Салман, конечно, помнил: тоненько попискивала сестренка, а матери все не было - базарничала. Он хлеба принес, но девчонка не ела, выплевывала. Все он помнил, как было. Но он-то ничем не мог помочь. А в больнице и молоко есть и лекарства. Почему не вылечили? Ну ладно, сторож Мазитов для вас плохой работник. Но разве маленькая виновата? Других спасали, а ее не спасли. Такие уж вы люди, Доспаевы.
Салман не ленился, когда видел: есть возможность напакостничать Сауле. Ее характер он знал: для Саулешки мелочи не существуют, она выше всяких пустяков. Что ж, поглядим! Он был изобретателен на самые дурацкие мелочи и с мальчишеской мстительностью понимал, как может унизить Сауле, заставив ее думать о копеечных неприятностях.

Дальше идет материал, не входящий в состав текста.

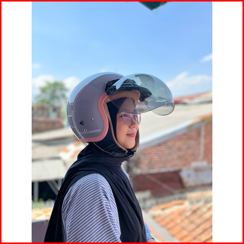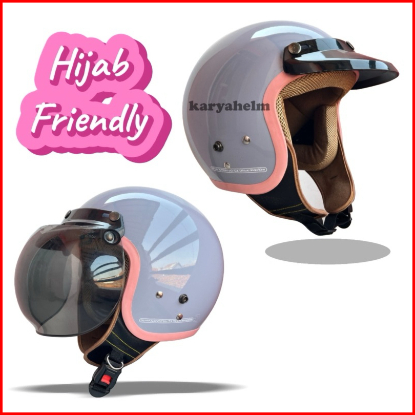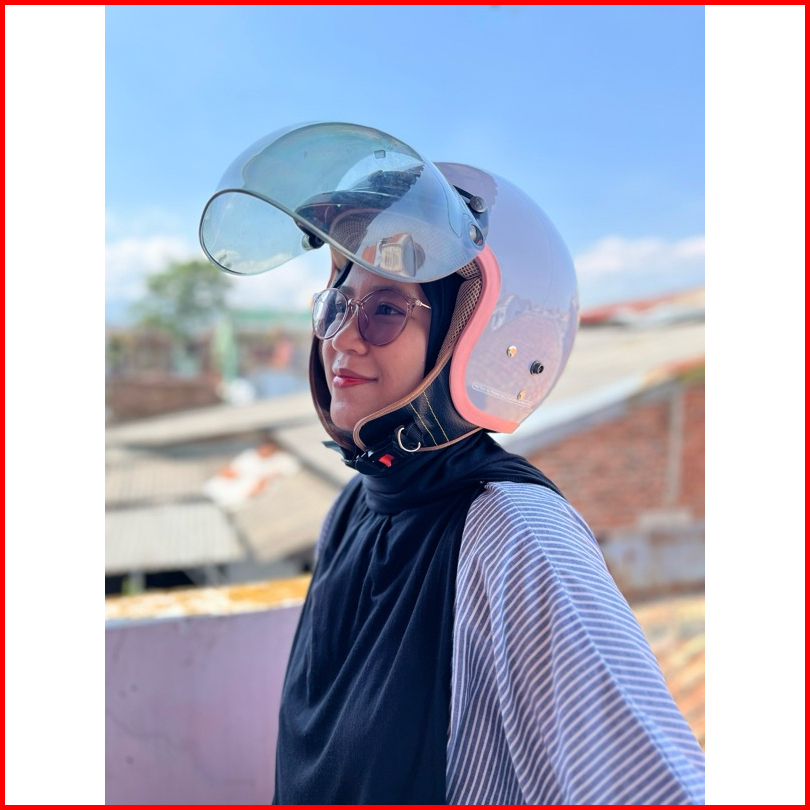 Helm Bogo Hijab Wanita Sni List Pink Busa Premium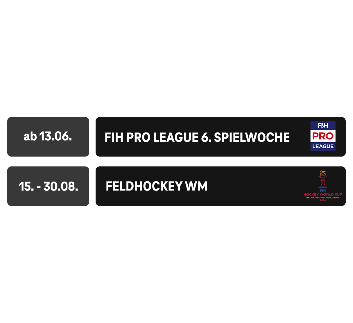 Im Jahr 2026 erwartet dich die Rückrunde der Frauen-Bundesliga und der 3. Liga, FIH Pro League, DEL-Playoffs, EuroCup und EuroLeague Playoffs und das Final Four sowie die FIBA Damen Basketball Heim-WM und vieles mehr!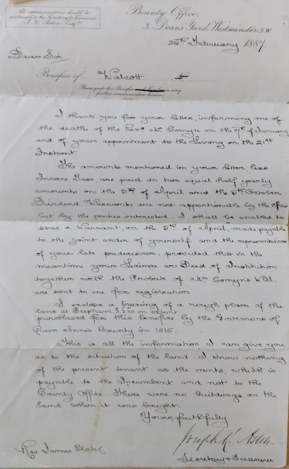 White’s History, Gazetteer & Directory of Norfolk, 1883 states of Witton that “The vicarage … was augmented with £400 of Queen Anne’s bounty in 1767 and 1786“. It also states of Walcot that the vicarage “was augmented in 1800 and 1817 with £600 of Q.A.B.” It remains to be identified where either parish invested these sums until 1815, but it appears that they joined forces then and acquired land in Deopham.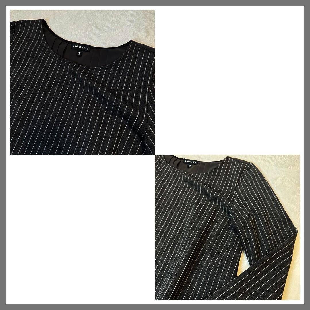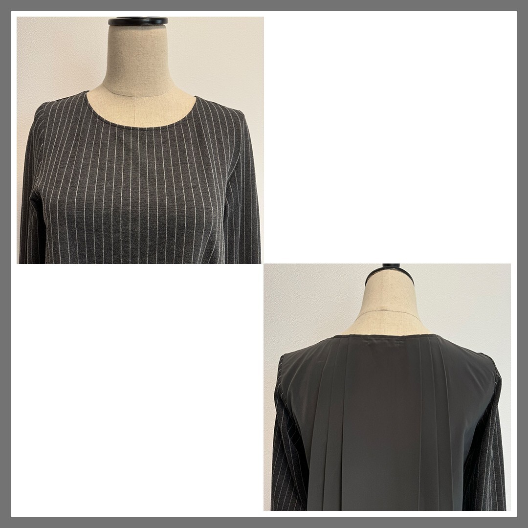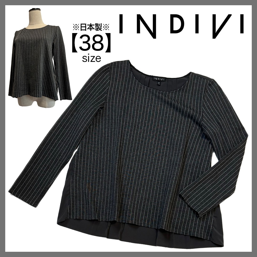 INDIVI インディヴィ ストライプ柄 コンビトップス 切り替え スタイルアップ ビジネス オフィス 大人 上品 ワールド 日本製 灰 グレー 38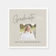 This modern graduation paper napkin features space for a photo of this year’s graduate. The design is accented with trendy, handwritten-style typography and features the graduate’s name on a tan background.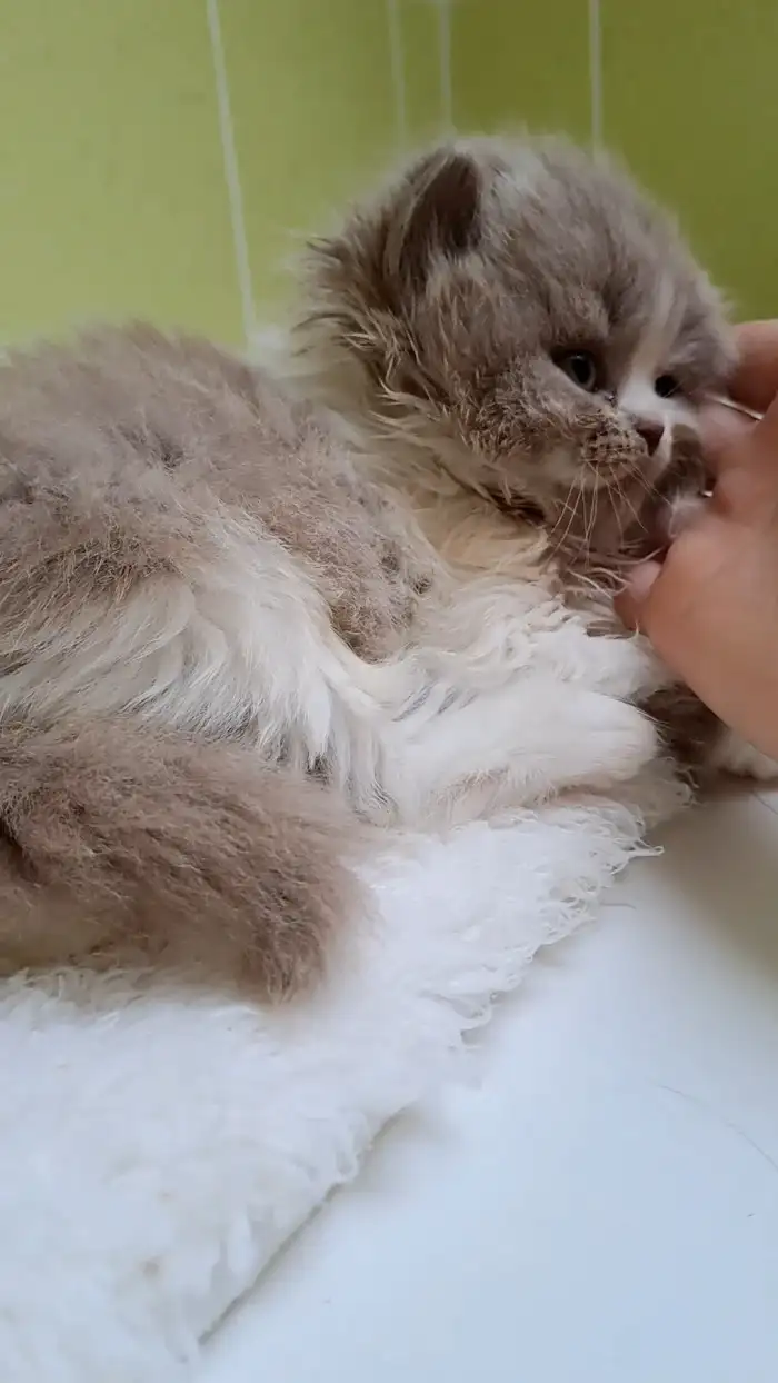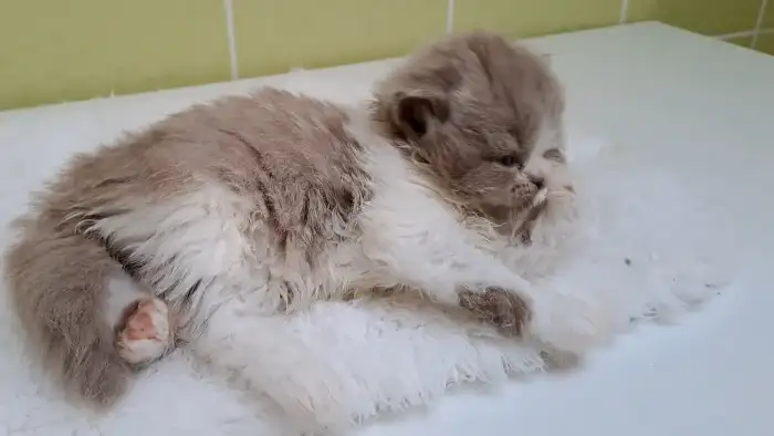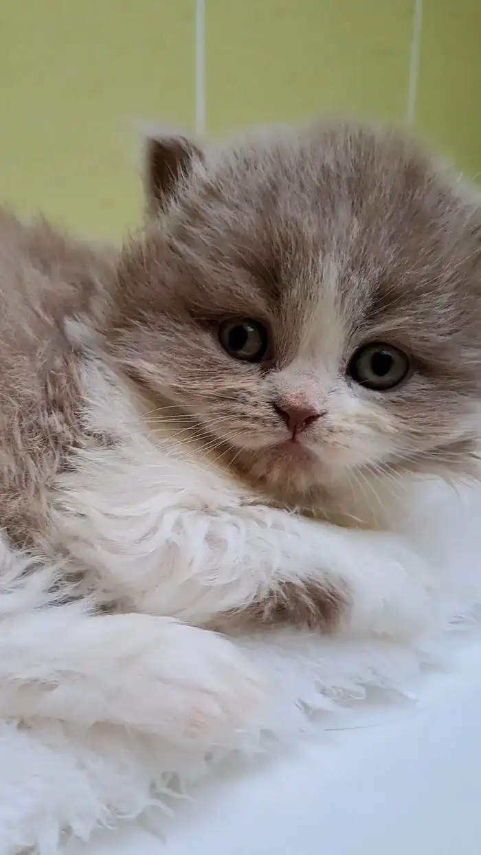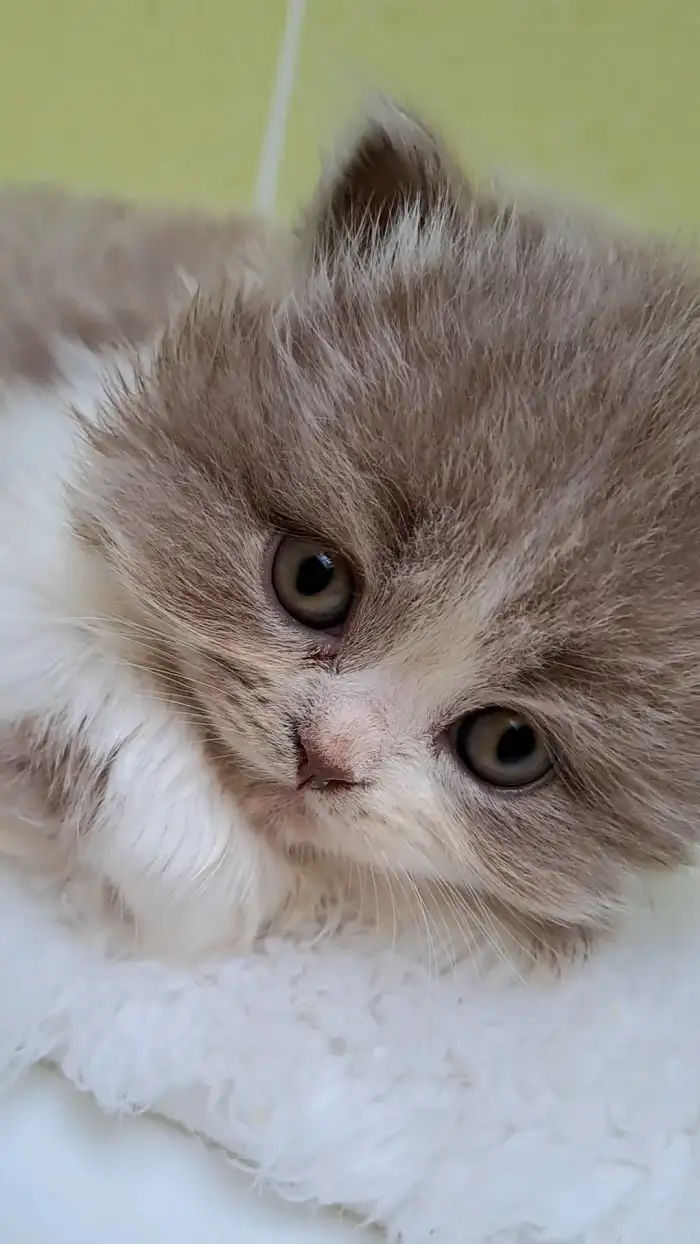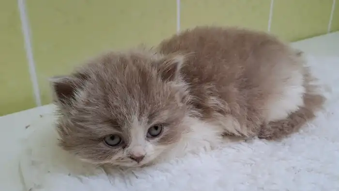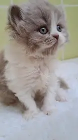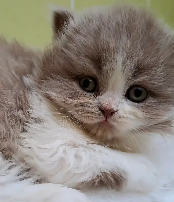 Tato nadýchaná britská dlouhosrstá kočička se narodila 22.3.2026 a je v barvě lilová s bílou tedy lilová bikolor.

Как-то раз он заметил: она внимательно на него поглядела, и был рад, словно нашел на земле десятку: прежде Сауле Доспаева будто и не знала, что живет в поселке Салман Мазитов.
Голова увидел его во дворе, остановил:
- Как живешь, Мазитов? Какие новости? - Морщины на большом лице выразили живейшее ожидание: будто Мазитов только и делал, что снабжал директора школы интересными новостями.
Салман - зубы на замок.
Морщины собрались в печальное выражение.
- Ты умный человек, Мазитов, даже слишком умный. А что у тебя получается? Горе от ума. Разве не так?
Салман не поддался на хитрость Головы. Прикинулся дураком и молчал.
- Я уезжаю, Мазитов, на неделю. Надеюсь, за это время ничего ре случится? Можешь обещать?
- Могу, - Салман разжал зубы. Обещать все можно. Такое место школа: больше обещай, меньше делай.
Салман знал: Гавриловна завела синюю папку, собирает документы, чтобы упечь Салмана в колонию. Папка сделалась очень толстая, но Голова к себе на стол не принял - у Гавриловны пока хранится. Салман много думал: чего ждет Голова? Так и не понял. Иногда пугался: что-то видит Голова, а Салман не видит, может крепко промахнуться.
***Фарида привела в городок Кольку и Нурлана. Колька держался неловко, а Нурлан - в белом плаще, хотя и грязноватом, зато модном - с чувством пожал руку Наталье Петровне:
- Наконец-то я имею удовольствие с вами познакомиться. Оч-чень приятно!
Наталья Петровна пришла в себя только на кухне; рассудила спокойно: каких манер требовать с восьмиклассника, выросшего в поселке?
Нурлан принес с собой гитару. Как он ею обзавелся - целая история.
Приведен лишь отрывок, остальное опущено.